The boy had been frightened by the gravity of his father’s voice and, as he always did when he was frightened, he had hastened away as quickly as he could to his mother, and in a few minutes he had forgotten his discomfort.

Madame Wu had come to the house soon afterward. On the tenth day after the marriage, Old Gentleman had sent for her to come to his library, and had talked with her thus about his son: “He is what you will make him. Some men make themselves, but he will always be made by women. Yet you must not let him know this. Never reproach him with his own weakness, for then he will become wholly weak. Never let him feel that but for you he would be useless, for then he will indeed become useless. You must search for the few strong threads in him and weave your fabric with those, and where the threads are weak, never trust to them. Supply your own in secret.”

She had been very young then, and her bridegroom was handsome and gay, and she was drunk with marriage. She was afraid of nothing.

“I love him,” she had said simply to Old Gentleman.

He had looked startled, for it was not usual for a woman to speak so boldly. But the voice in which she had uttered these extraordinary words was very soft and pretty, and she had looked so delicate and innocent as she spoke them that he had not the heart to reproach her.

Instead of reproach he had merely inclined his head and said, “Then you have a woman’s sharpest weapon in your hand.”

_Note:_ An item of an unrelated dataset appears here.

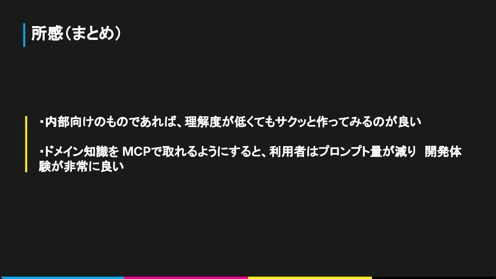 所感(まとめ) ・内部向けのものであれば、理解度が低くてもサクッと作ってみるのが良い ・ドメイン知識を MCPで取れるようにすると、利用者はプロンプト量が減り 開発体 験が非常に良い

It had been perhaps ten years before Madame Wu had come to the full comprehension of the man to whom she was married and whom she loved still, with tenderness. So slowly, so gradually that she had not felt the pain of disappointment, she had found all the boundaries of his mind and soul. The space within these boundaries was small. The curiosities and questions which had at first excited her because she had taken them to be stirrings of intelligence, she saw now had no root. They were no more than ways to pass the time. They led to no end. At any moment he might grow weary of a question and cease to pursue it, and then she must discover the way the next wind blew.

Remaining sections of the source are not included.